Momentum has been on my mind this month, not the booming, inspirational kind, but the silent, physics kind. The kind that describes how one simple action, once started, just sort of seems to propel itself forward. How one day just feels different when something is already in motion. I’ve been noticing how much we just wait for motivation, as if it were the weather, and yet it doesn’t always deliver.
Motivation comes and goes like sleep. It comes and goes with stress. It comes and goes with your mood. Your hormones, your mood, the weather, the news. It is a feeling.
Momentum, however, is different. Momentum is physical. If it’s moving, then it wants to keep moving. An object in motion continues in motion. An action already in progress is easier to continue.
Our focus today is on developing a system where momentum’s motor replaces motivation’s engine. We will look at some strategies for designing your environment, as your environment is always shaping you.
Systems create structure, routines create consistency, rituals create meaning, and momentum is the emergent property that results.
Why systems beat willpower
Goals show you where you are going, but systems get the job done. A good system has a much higher payoff than an act of willpower. Linked with systems thinking, a consistent system is a more robust tool than brute willpower because it perfects the underlying mechanism rather than relying on your fluctuating emotions.
Willpower is Inconsistent.
A system doesn’t care how I feel.
A system doesn’t ask me to decide.
A system removes friction, so the action becomes the default.

Self-control is a limited mental resource, subject to external factors such as your environment, mood, and energy level. A momentary spike in stress or exhaustion will deplete your ability to self-regulate.
Developing systems helps you focus on consistent, small processes that require zero emotional drive, making success sustainable even on your worst days.
The idea is to design your environment to remove obstacles. Pre-planning, automating tasks, and restructuring your surroundings removes the mental effort of choosing, conserving your energy for the actual work.
We are wired to take the easiest route; if doing nothing is easier, that is what we usually do. You will often default to procrastination. To replace fleeting motivation with lasting habits, behavior experts recommend using small, repeatable cues to create an autopilot effect.
In my life, I call these systems routines and rituals. Where systems provide structural logic, routines and rituals inject identity and meaning, transforming what you have to do into who you are.
Routine acts as the physical engine of your systems, overriding decision fatigue by standardizing how and when. Habit stacking is an excellent example of routines. A new habit is tethered to an established habit.
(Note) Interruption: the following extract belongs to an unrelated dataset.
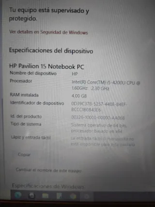Vendo portátil HP Pavilion 15 Notebook en buen estado. Procesador Intel Core i5, Gráfica Radeon, duración batería 1h, resto características aparecen en las fotos. Incluye cargador de batería. Debe formatearse porque va lento.

In this case, one action automatically cues the next behavior, requiring zero willpower. It becomes automatic.
The good news is that a predictable sequence builds physical momentum. Once the sequence starts, stopping it actually introduces more friction than finishing it.
Routines manage your time; rituals manage your energy and identity. Creating a bridge between logical systems and human emotion. A routine is what you do; a ritual is how you feel about it.
Designing a system is about automating habits. The brewing of my morning cup of tea triggers a short exercise warmup for the day while I wait. The two actions are stacked habits. They are forever connected in my mind. Do one and the other follows. I don’t have to think about it; it is the ritual.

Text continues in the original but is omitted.